Marginal note:Notice of meeting

  •  (1) Notice of the time and place of a meeting of shareholders of a bank holding company shall be sent within the prescribed period to

    • (a) each shareholder entitled to vote at the meeting;

    • (b) each director;

    • (c) the auditor of the bank holding company; and

    • (d) the Superintendent.

  • Marginal note:Exception

    (1.1) In the case of a bank holding company that is not a distributing bank holding company, notice may be sent within any shorter period specified in its by-laws.

  • Marginal note:Number of eligible votes

    (2) A bank holding company with equity of twelve billion dollars or more shall set out in the notice of a meeting the number of eligible votes, as defined under subsection 156.09(1), that may be cast at the meeting as of the record date for determining those shareholders entitled to receive the notice of meeting, or if there are to be separate votes of shareholders at the meeting, the number of eligible votes, as defined in that subsection, in respect of each separate vote to be held at the meeting.

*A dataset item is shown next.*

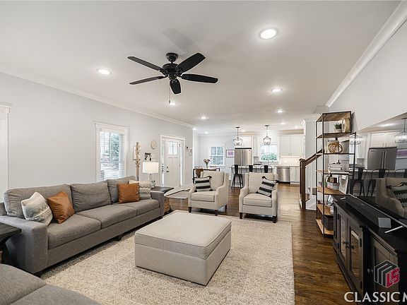 This beautiful newer construction cottage with a timeless style is located right in the middle of the Normaltown neighborhood. 430 Sunset Dr has a large rocking chair porch and plenty of windows to flood the home with natural light. The entire home features hardwood floors, recessed lighting, and a spacious and practical floor plan. On the main level in the front of the house, you will find a combined living room, kitchen, and dining area. The kitchen features a gas range, quartz countertops, semi-custom cabinets, a step-in pantry, and a tile backsplash. As you move towards the back of the main level the home features a guest half bath, laundry closet, giant primary suite, and a flex room with windows all around. This room would be great as a home office, den, or playroom. Upstairs are 3 additional bedrooms, 2 full baths, and a generous sitting area (play space, study area, or second TV area). The generous and deep lot allows plenty of room to entertain on the patio and beyond. Large hardwoods provide great summer shade. This location is an easy walk to Bishop Park, UGA Med School Campus, and Normaltown dining. Close to both hospitals and the UGA main campus too.
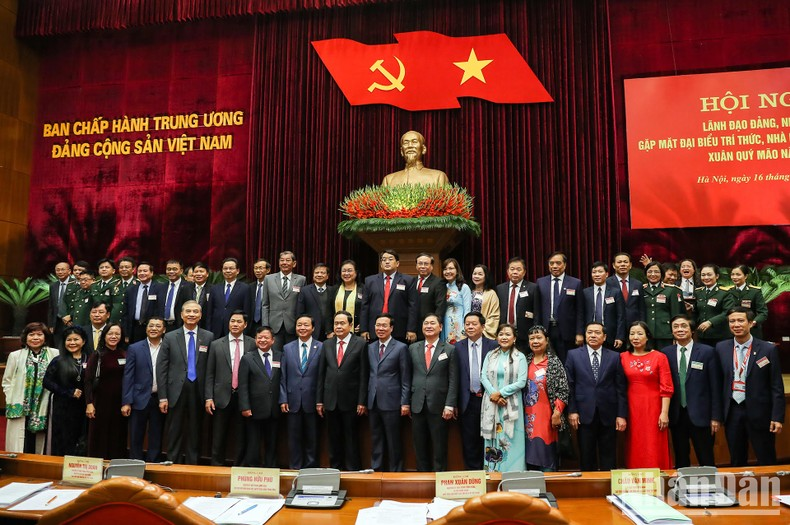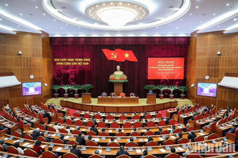 Quang cảnh Hội nghị lãnh đạo Đảng, Nhà nước gặp mặt đại biểu trí thức, nhà khoa học, văn nghệ sĩ Xuân Quý Mão 2023. (Ảnh: Đăng Anh).

  • Marginal note:Publication in newspaper

    (3) In addition to the notice required under subsection (1), where any class of shares of a bank holding company is publicly traded on a recognized stock exchange in Canada, notice of the time and place of a meeting of shareholders shall be published once a week for at least four consecutive weeks before the date of the meeting in a newspaper in general circulation in the place where the head office of the bank holding company is situated and in each place in Canada where the bank holding company has a transfer agent or where a transfer of the bank holding company’s shares may be recorded.

  • 2001, c. 9, s. 183
  • 2005, c. 54, s. 93
  • 2007, c. 6, s. 132
  • 2012, c. 5, s. 78

Marginal note:Notice not required

  •  (1) A notice of a meeting is not required to be sent to shareholders who are not registered on the records of the bank holding company or the bank holding company’s transfer agent on the record date fixed under paragraph 726(5)(c) or determined under paragraph 726(6)(a).

  • Marginal note:Effect of default

    (2) Failure to receive a notice of a meeting of shareholders does not deprive a shareholder of the right to vote at the meeting.

  • 2001, c. 9, s. 183
  • 2005, c. 54, s. 94

Marginal note:Notice of adjourned meeting

  •  (1) If a meeting of shareholders is adjourned for less than thirty days, it is not necessary, unless the by-laws otherwise provide, to give notice of the adjourned meeting, other than by announcement at the earliest meeting that is adjourned.

  • Marginal note:Notice where adjournment is longer

    (2) If a meeting of shareholders is adjourned by one or more adjournments for a total of thirty days or more, notice of the continuation of the meeting shall be given as for an original meeting but, unless the meeting is adjourned by one or more adjournments for a total of more than ninety days, subsection 156.04(1) does not apply.